=== Begin Enclosure ===

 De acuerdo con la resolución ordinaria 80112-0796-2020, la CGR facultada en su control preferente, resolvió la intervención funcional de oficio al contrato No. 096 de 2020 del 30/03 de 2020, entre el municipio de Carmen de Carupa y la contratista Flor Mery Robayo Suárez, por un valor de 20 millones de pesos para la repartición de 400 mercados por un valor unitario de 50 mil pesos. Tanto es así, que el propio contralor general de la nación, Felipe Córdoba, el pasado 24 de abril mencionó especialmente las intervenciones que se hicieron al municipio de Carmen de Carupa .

=== End Enclosure ===
=== Begin Enclosure ===

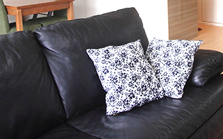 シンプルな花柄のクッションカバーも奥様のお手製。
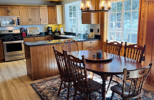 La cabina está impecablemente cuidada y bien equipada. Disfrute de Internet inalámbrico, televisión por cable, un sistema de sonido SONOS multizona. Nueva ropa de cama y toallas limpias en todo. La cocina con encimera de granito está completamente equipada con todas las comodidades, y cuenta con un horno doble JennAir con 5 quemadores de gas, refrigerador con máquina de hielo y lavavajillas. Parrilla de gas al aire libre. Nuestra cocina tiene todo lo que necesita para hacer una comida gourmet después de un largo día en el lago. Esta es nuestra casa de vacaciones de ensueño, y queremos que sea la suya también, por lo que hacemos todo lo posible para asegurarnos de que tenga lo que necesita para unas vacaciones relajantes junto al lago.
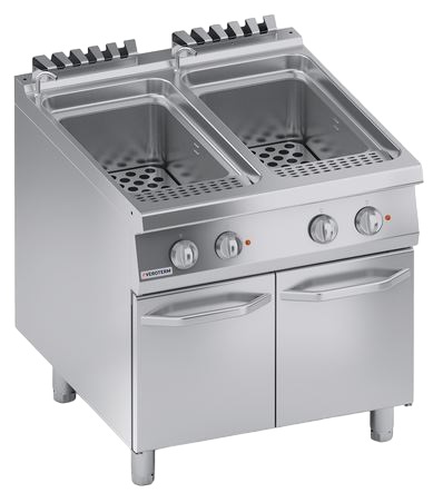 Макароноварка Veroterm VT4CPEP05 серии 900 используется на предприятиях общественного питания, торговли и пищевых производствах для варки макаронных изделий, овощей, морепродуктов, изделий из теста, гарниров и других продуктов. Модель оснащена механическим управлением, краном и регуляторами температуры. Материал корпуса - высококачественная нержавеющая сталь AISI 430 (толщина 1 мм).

=== End Enclosure ===

▸ **WHAT TO DO**:
Nothing but the lines from the one with "シンプルな花柄のクッションカバーも奥様のお手製。" up to and including the one with "Макароноварка Veroterm VT4CPEP05" should be printed, exactly as they read above. Please keep the pictures out.

▸ **RESPONSE TO THE EXERCISE**:
 シンプルな花柄のクッションカバーも奥様のお手製。
 La cabina está impecablemente cuidada y bien equipada. Disfrute de Internet inalámbrico, televisión por cable, un sistema de sonido SONOS multizona. Nueva ropa de cama y toallas limpias en todo. La cocina con encimera de granito está completamente equipada con todas las comodidades, y cuenta con un horno doble JennAir con 5 quemadores de gas, refrigerador con máquina de hielo y lavavajillas. Parrilla de gas al aire libre. Nuestra cocina tiene todo lo que necesita para hacer una comida gourmet después de un largo día en el lago. Esta es nuestra casa de vacaciones de ensueño, y queremos que sea la suya también, por lo que hacemos todo lo posible para asegurarnos de que tenga lo que necesita para unas vacaciones relajantes junto al lago.
 Макароноварка Veroterm VT4CPEP05 серии 900 используется на предприятиях общественного питания, торговли и пищевых производствах для варки макаронных изделий, овощей, морепродуктов, изделий из теста, гарниров и других продуктов. Модель оснащена механическим управлением, краном и регуляторами температуры. Материал корпуса - высококачественная нержавеющая сталь AISI 430 (толщина 1 мм).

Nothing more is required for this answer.